It seems to me that there are, generally speaking, four ways of thinking about the threefold Hobbit:
1) I don’t care; I won’t be seeing them.
2) I will be seeing the first one, and I’m really hoping that it’ll be a well-made film and not just a loose baggy monster, or else I may not come back for the next installments.
3) I may or may not see the first one, depending on reports I get from reviewers and friends.
4) Hooray! I get to spend nine more hours in Middle-earth!
I’m pretty sure that there are more than enough people in the fourth camp to make these films big money-makers. And those folks don’t think of Peter Jackson’s decision to split the story into three films as an act of money-grubbing cynicism: they’re grateful that he’s giving them more of what they want.
There’s a good deal of disagreement among the most passionate Tolkien-lovers about the validity of Peter Jackson’s adaptations, but what devotees of Tolkien and Jackson alike value above all else, aesthetically speaking, is immersion in a fictional world.

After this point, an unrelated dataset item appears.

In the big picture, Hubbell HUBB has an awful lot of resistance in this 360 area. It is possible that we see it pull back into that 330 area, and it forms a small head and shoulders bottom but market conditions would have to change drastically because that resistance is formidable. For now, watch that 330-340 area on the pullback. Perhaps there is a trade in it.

Whether the story is tightly woven and well-paced, or the acting compelling, or the characters fully developed, may matter to some degree, but not nearly as much as the opportunity to live for a few hours in Middle-earth.
I suspect, then, that even the purists, who note every deviation from the Tolkienian text with clucks of disapproval, will suspend their critical faculties long enough to enjoy being transported back to the dear old Shire and to look once more upon the dangerous beauties of the Misty Mountains.



I had many quibbles with Jackson’s LOTR films (was I the only one who thought that he and his writers would have been glad to have found some way of ditching Saruman and the Ents altogether, but knew they couldn’t get away with it?) but I understood that quibbles were inevitable given the different demands of the two mediums, and overall I thought the films were wonderful, and was (and am) grateful to have them. This Hobbit trifecta, though…I really don’t know. I could reasonably see the story being split in two – at the point where the dwarves are imprisoned by the Elvenking with Bilbo invisibly wandering the halls – but three? It’s hard to see how it can be done without serious padding and the resulting flabbiness. I’m not completely in Alan’s category 4, but its pull is strong enough to put me at least in 2 for now.